Any individual voting member of an annual conference has the right to request a bishop’s ruling of law, provided the request is made in the proper way and it relates to actual business being conducted in the annual conference session. Such requests are not voted on. After the bishop issues a ruling, it is automatically sent for review to the Judicial Council, the UMC’s version of the Supreme Court. Whatever decision the Judicial Council issues on the case then becomes a binding part of our church law.
As noted earlier, Bishop Dyck initially sought to dodge directly answering the questions, and to effectively allow her anarchic board of ordained ministry to continue ignoring as much of United Methodism’s standards as it wants to.
But the Judicial Council did not let her get away with this, instead forcing her to issue a substantive ruling by the end of 2016.
It was only after the Judicial Council forced her hand that Bishop Dyck issued her ruling in which she did thankfully cancel the pro-LBGTQ ordination policy, while also trying various ways to prevent too much further accountability.
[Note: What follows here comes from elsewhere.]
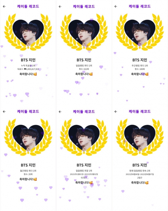 지민은 글로벌 팬 대상 K팝 인기투표 사이트 케이돌(KDOL)에서 8월 7일 541만 4854개의 하트를 받아 전체 1위에 올랐다. 지민은 622회째 일일 랭킹 최다 1위 신기록을 다시 썼다.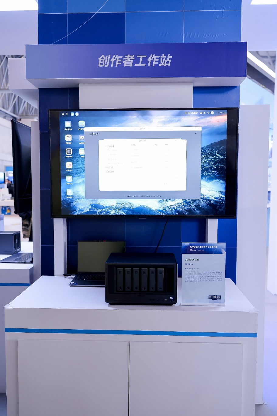 本次生态大会上绿联也展出了即将上市的AI NAS产品iDX6011 Pro:依托英特尔® 酷睿™ Ultra 7 255H平台,是一款内置本地大语言模型的AI NAS设备,可为海量素材提供高速稳定的存储空间,AI算力强劲,可本地实现多项AI功能,在保障数据隐私安全的同时,为用户在素材管理、智能检索与高效创作等场景中带来突破性体验,UGOS Pro系统内置的AI Chat、智能会议总结等智能功能,以及家庭相册分类、影视海报墙生成等实用应用,吸引了众多嘉宾驻足展台详细了解、上手体验。

A lot of questions still remain to be determined, such as how exactly this development will actually effect practices in the Northern Illinois Conference and how exactly this may ultimately impact other annual conferences. Of course, we cannot expect those who pushed the now-canceled open ordination policy to all suddenly abandon their preference for secular Western over biblical, United Methodist values.
But the fact remains that this was a significant setback for the dominant, revisionist faction of the Northern Illinois Conference. However the Judicial Council rules on other relevant matters in this case when it meets in April, it is very unlikely to reverse Bishop Dyck’s cancellation of the explicitly LGBTQ-welcoming ordination policy.
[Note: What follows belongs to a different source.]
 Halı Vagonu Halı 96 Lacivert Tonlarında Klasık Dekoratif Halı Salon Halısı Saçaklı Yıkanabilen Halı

This episode shows that despite all the high-profile antics of individuals defying our covenant standards, we have not reached the place where theologically liberal United Methodists enjoy free rein to say and do whatever they want in defiance of what they call our “discriminatory” disapproval of sex outside of man-woman marriage. Not even in as notoriously radicalized an annual conference as Northern Illinois.
And if such disobedience can even be reversed in Northern Illinois, then it can be reversed in in less liberal annual conferences, as well.